Услышав выстрелы, солдаты из оцепления бегут к дому, а командир пулеметного расчета Аврин приказывает пулеметчику Капитонову открывать огонь. Караул скачет от окна прямо к баньке, на пороге которой сверкает что-то ужасное, железное. Лиловый выскакивает в сенцы, но, зная о засаде, не выбегает на крыльцо, а, присев, осторожно распахивает дверь. Рядовой Зыков видит, как отворяется дверь, как выползает на животе на крыльцо человек и, почти не целясь, стреляет мимо.
— Дом окружен! За мной! — кричит Круминь, подбирая лобовский наган. Пламя растекается под опрокинутым столом. Соловьев и Фельдман выскакивают в сени.
— К колодцу! — восклицает хозяин и сбрасывает медный крюк с боковой дверцы во внутренний двор. Алексей Петрович от страшного рывка однорукого дьявола падает всем затылком на пол, и на миг его глаза затоплены мраком.
Пока деревенский пастух, а ныне пулеметчик вспомогательной роты 36-го пехотного полка Куприян Капитонов не может заставить себя открыть огонь по ни в чем не повинной лошади, которая, шарахнувшись от окна, заслонила сейчас дом, Чертков выбегает вслед за Круминем в сени, оглядываясь на тело Станкевича, Соловьев сбрасывает с колодезного сруба маскировочные доски и прочий хлам, Лиловый перепрыгивает через плетень и заползает в бурьян, зная, что впереди засада, и надеясь переждать время.

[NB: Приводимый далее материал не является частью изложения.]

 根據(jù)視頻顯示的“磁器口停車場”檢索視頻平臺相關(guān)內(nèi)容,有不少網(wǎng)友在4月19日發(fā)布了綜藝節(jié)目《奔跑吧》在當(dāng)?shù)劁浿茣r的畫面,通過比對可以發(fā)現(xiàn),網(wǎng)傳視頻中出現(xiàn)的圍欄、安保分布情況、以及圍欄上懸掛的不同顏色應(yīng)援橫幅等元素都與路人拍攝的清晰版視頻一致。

Кукушонок снова орет в темнице.
Славка отчаянно носится над турецкой вишней.
Жаба испуганно бурчит в пустой дождевой бочке.
Фитька кружит над крышей.
Старый бык, почуя огонь и дым, обрывает сыромятную привязь и, выбежав из стойла, распахивает каменным лбом воротца хлева. Створки опрокидывают прислонившегося рядового Зыкова. Ефрейтор Аврин бьет кулачищем в спину оцепеневшего пулеметчика: «Огонь!»
Соловьев, Фельдман, Чертков и последним Круминь по очереди спускаются по вбитым в бревна скобам колодца. Рядовой Жуков, целясь и отмахиваясь от садовой славки, стреляет по столпившимся у колодца подпольщикам и не попадает.

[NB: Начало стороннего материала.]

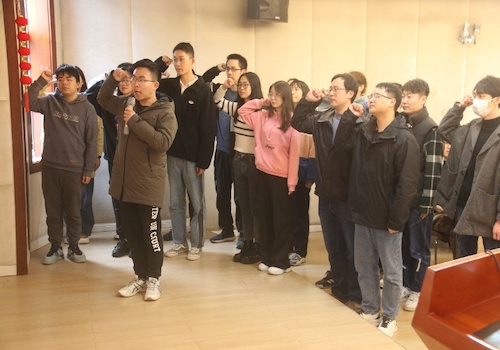 近期入黨的預(yù)備黨員在本科生黨支部書記宋宇軒的帶領(lǐng)下面向黨旗莊嚴(yán)宣誓。
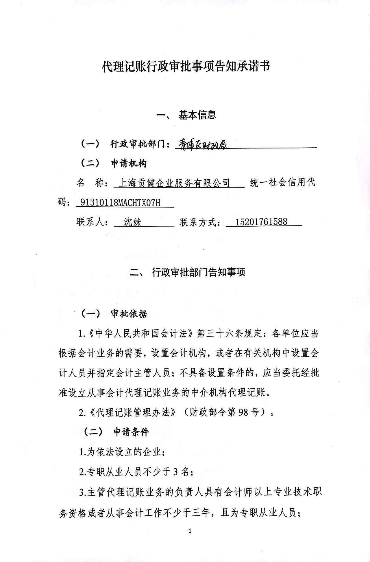 1 | 上海贡健企业服务有限公司 | DLJZ31011820250025 | 2025年9月29日 | 青财会229许准字〔2025〕0025号 |

Штабс-капитан, выбегая на крыльцо, орет:
— Пятенко! — и отчаянно палит вверх.
И тут оживает «льюис», извергает на дом смертоносный ливень. Под градом свинца лопаются стекла. Смерть вслепую шарит в горящей комнате, пытается зачеркнуть все живое взмахами свинцового грифеля. А жизнь не сдается: бьется языками пылающего керосина, трубит петушиным горлом, грозит змеиным шипом в чертополохе, накатывает свежим ветром, колет лучом полуночной звезды…
— Товарищи, — Круминь в эту минуту страшен, — здесь выход на монастырский двор. Всем уходить. Я прикрою.
— Нет, комиссар. Лезь! — командует Чертков. — Я после.
Но Круминь непреклонен:
— А ну, лезь! Кому говорят…
Лиловый на карачках ползет сквозь пыльные заросли чертополоха и, пораженный укусом змеи, выскакивает прямо на выстрел.
Круминь захлопывает над собой деревянную крышку колодца и начинает спускаться по скобам вниз, туда, куда звонкими шлепками падают капли. Внизу, у самой воды, кромешная темнота разрежается слабым свечением. Чьи-то руки ловят комиссара и увлекают за собой в боковой ход. Это Соловьев. Внезапное появление коня Караула наполнило его сердце страшным предчувствием. Он сдергивает с крючка фонарь (это его тусклый свет рассеивал темноту) и, согнувшись, хочет бежать вглубь. Потайной монастырский лаз облицован сырым камнем, и каждый шаг отдается гулким эхом заброшенной преисподней. Но Круминь, догнав Соловьева, хватает его за плечо:
— Стой! Посвети сюда…
Он достает из кармана медную гильзу от винтовки образца 1891 года, вытягивает из нее скрученную пыжом бумажку, разворачивает и читает приказ, написанный красным топографическим карандашом, кривыми условными буквами.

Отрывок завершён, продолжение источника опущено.